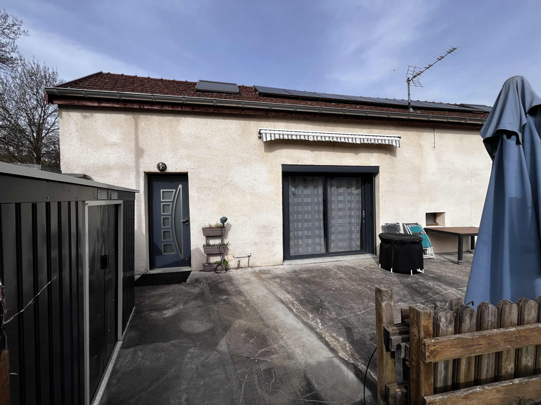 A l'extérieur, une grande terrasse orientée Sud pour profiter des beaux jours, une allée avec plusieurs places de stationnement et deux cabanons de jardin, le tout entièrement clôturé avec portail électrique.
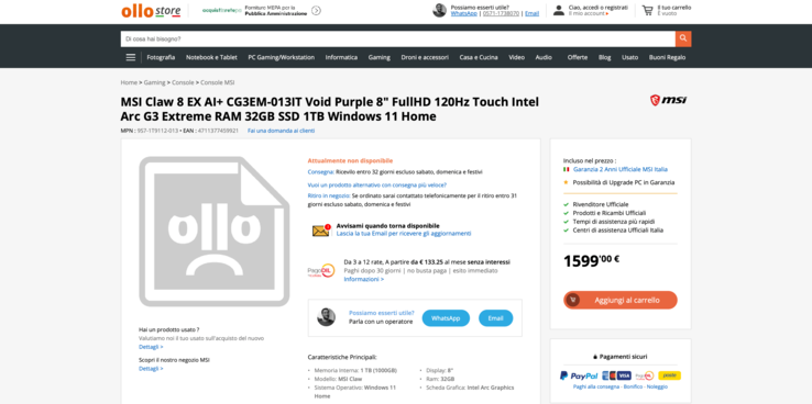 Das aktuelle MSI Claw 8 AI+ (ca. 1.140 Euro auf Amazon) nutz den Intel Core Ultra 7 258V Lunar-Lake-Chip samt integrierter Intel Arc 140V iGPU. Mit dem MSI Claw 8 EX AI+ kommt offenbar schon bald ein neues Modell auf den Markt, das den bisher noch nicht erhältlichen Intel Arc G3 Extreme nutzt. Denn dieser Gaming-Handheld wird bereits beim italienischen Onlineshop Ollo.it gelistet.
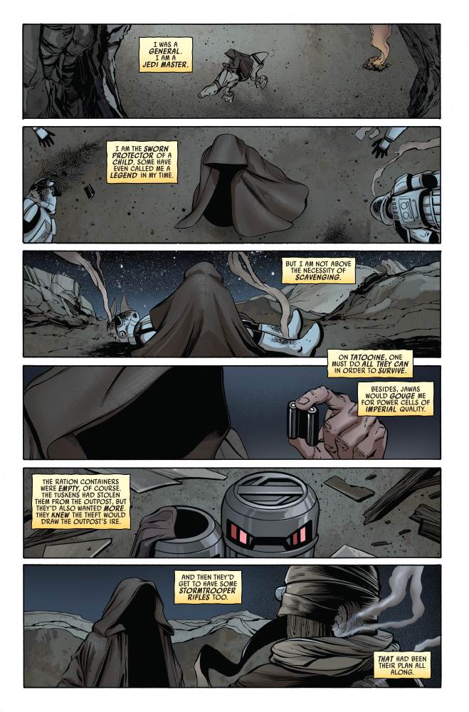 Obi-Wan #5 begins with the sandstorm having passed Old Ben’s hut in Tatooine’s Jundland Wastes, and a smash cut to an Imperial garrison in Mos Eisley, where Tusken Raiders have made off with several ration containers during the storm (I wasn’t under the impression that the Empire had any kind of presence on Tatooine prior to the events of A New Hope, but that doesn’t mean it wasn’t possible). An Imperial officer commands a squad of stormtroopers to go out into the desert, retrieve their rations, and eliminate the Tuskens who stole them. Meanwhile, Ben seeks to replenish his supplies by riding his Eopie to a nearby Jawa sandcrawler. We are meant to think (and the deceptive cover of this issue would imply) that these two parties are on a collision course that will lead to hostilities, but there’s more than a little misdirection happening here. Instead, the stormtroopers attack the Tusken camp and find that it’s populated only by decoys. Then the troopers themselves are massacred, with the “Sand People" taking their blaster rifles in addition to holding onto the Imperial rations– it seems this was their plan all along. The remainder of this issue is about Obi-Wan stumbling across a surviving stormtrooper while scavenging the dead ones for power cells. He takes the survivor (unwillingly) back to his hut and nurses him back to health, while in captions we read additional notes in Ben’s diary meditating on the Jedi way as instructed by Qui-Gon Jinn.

#####

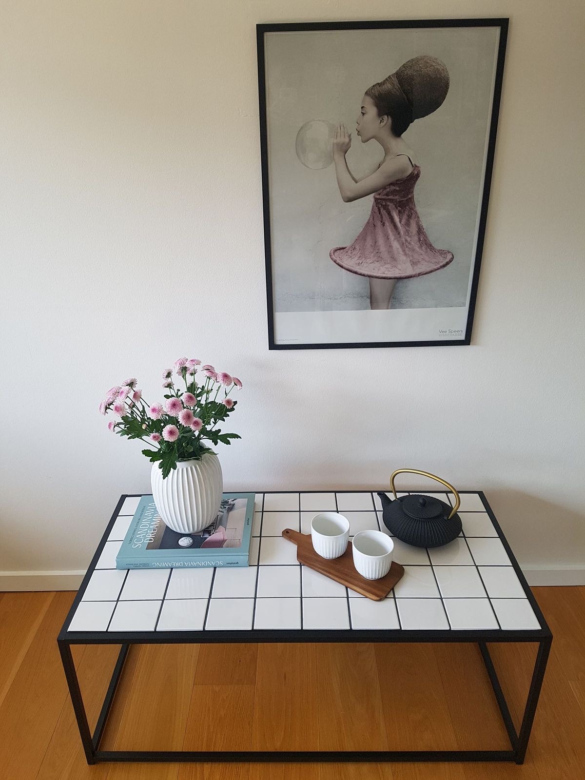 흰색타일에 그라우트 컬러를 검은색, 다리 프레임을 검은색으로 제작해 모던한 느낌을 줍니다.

#####

§ **EXERCISE DIRECTIONS**
I would like the exact lines from the data above, starting with the one that holds "A l'extérieur, une" and going on through the one that holds "Das aktuelle MSI", without the pictures.

§ **SOLUTION FOR THIS EXERCISE**
 A l'extérieur, une grande terrasse orientée Sud pour profiter des beaux jours, une allée avec plusieurs places de stationnement et deux cabanons de jardin, le tout entièrement clôturé avec portail électrique.
 Das aktuelle MSI Claw 8 AI+ (ca. 1.140 Euro auf Amazon) nutz den Intel Core Ultra 7 258V Lunar-Lake-Chip samt integrierter Intel Arc 140V iGPU. Mit dem MSI Claw 8 EX AI+ kommt offenbar schon bald ein neues Modell auf den Markt, das den bisher noch nicht erhältlichen Intel Arc G3 Extreme nutzt. Denn dieser Gaming-Handheld wird bereits beim italienischen Onlineshop Ollo.it gelistet.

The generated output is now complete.